*What the task requires*
For the entries that appear below, write out the exact text and omit the pictures.

Extracted records:
☆ ☆ ☆ ☆ ☆ ☆ ☆

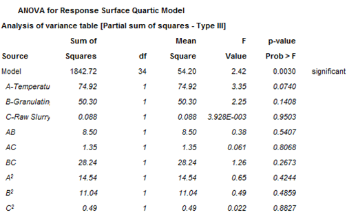 模型P值为0.0030为显著,说明模型是显著的,以下的A,B,C,A2,B2,C2,AB,AC,BC都大于0.05,说明都不显著,结果不太好,可能你前面因素选的水平太密了,没太大差异
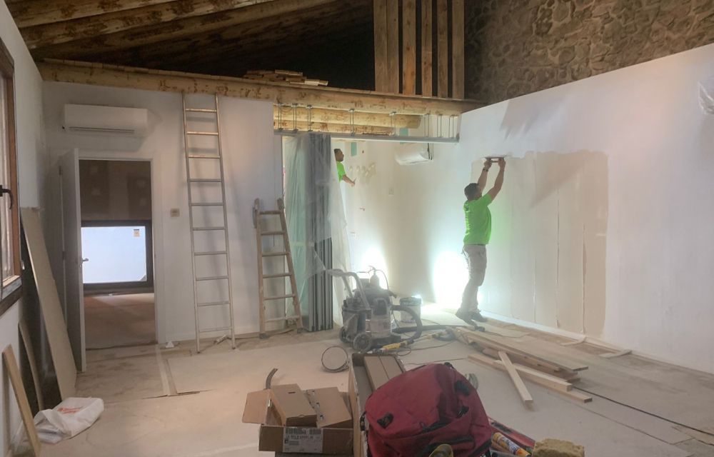 Els treballs s’han dut a terme en dues fases. En la primera, es va consolidar l’estructura de l’edifici –reparant-ne el terra i la coberta– i es va adequar la parcel·la exterior (tasques de desbrossament, neteja i enderroc d’una antiga barraca). En la segona fase, s’han realitzat les instal·lacions de llum i calefacció, s’han distribuït els espais interiors amb despatxos i sales de treball, s’hi ha col·locat parquet, s’han substituït les finestres (millorat l’aïllament dels espais) i s’han connectat les dues plantes mitjançant una escala de caragol. També s’ha repicat la façana i s’han construït nous accessos.
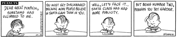 Lins is writing a letter to the Great Pumpkin that says that the Christmas Provider has more publicity making it number two it try's harder.
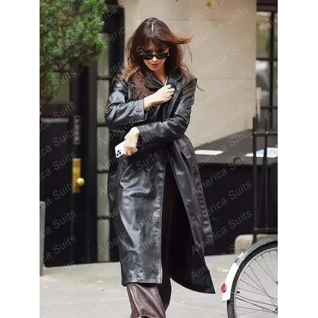Emily Ratajkowski New York 2023 Black Leather Trench Coat
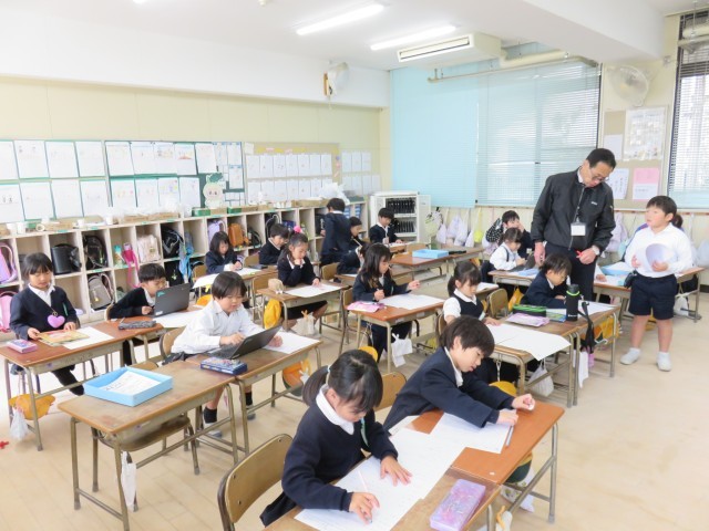 国語の授業の様子です。復習のプリントをしていました。かんかくことばのプリントです。いろいろな言葉を覚えて語彙数を増やしておきましょう。国語の学習ではとても大切なことです。がんばりましょう。
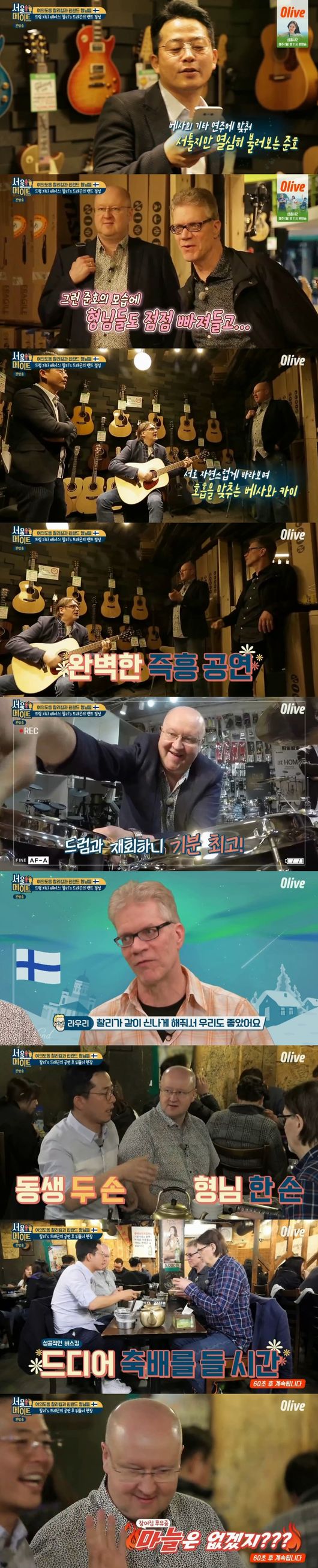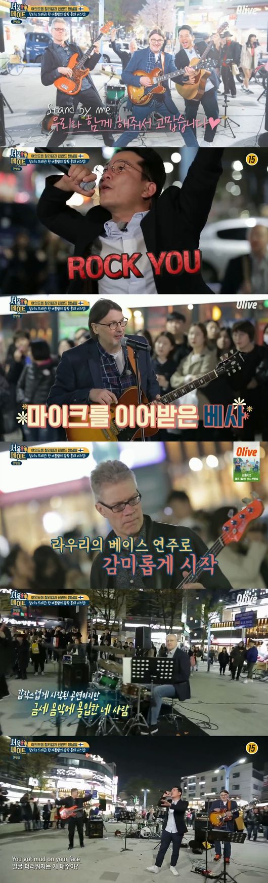 이어 마이크를 잡은 형님들. 리더 베사는 핀란드에서 밴드한 실력을 뽐내며 '헤이 주드'와 '스탠바이미'를 열창했다. 김준호 역시 형님들 사이 자리를 잡고 4인조 밴드를 완성했다. 이를 지켜보는 관객들은 네 남자의 수준급 버스킹에 감동했다.

☆ ☆ ☆ ☆ ☆ ☆ ☆

*Solution to this exercise*
 模型P值为0.0030为显著,说明模型是显著的,以下的A,B,C,A2,B2,C2,AB,AC,BC都大于0.05,说明都不显著,结果不太好,可能你前面因素选的水平太密了,没太大差异
 Els treballs s’han dut a terme en dues fases. En la primera, es va consolidar l’estructura de l’edifici –reparant-ne el terra i la coberta– i es va adequar la parcel·la exterior (tasques de desbrossament, neteja i enderroc d’una antiga barraca). En la segona fase, s’han realitzat les instal·lacions de llum i calefacció, s’han distribuït els espais interiors amb despatxos i sales de treball, s’hi ha col·locat parquet, s’han substituït les finestres (millorat l’aïllament dels espais) i s’han connectat les dues plantes mitjançant una escala de caragol. També s’ha repicat la façana i s’han construït nous accessos.
 Lins is writing a letter to the Great Pumpkin that says that the Christmas Provider has more publicity making it number two it try's harder.
Emily Ratajkowski New York 2023 Black Leather Trench Coat
 国語の授業の様子です。復習のプリントをしていました。かんかくことばのプリントです。いろいろな言葉を覚えて語彙数を増やしておきましょう。国語の学習ではとても大切なことです。がんばりましょう。
 이어 마이크를 잡은 형님들. 리더 베사는 핀란드에서 밴드한 실력을 뽐내며 '헤이 주드'와 '스탠바이미'를 열창했다. 김준호 역시 형님들 사이 자리를 잡고 4인조 밴드를 완성했다. 이를 지켜보는 관객들은 네 남자의 수준급 버스킹에 감동했다.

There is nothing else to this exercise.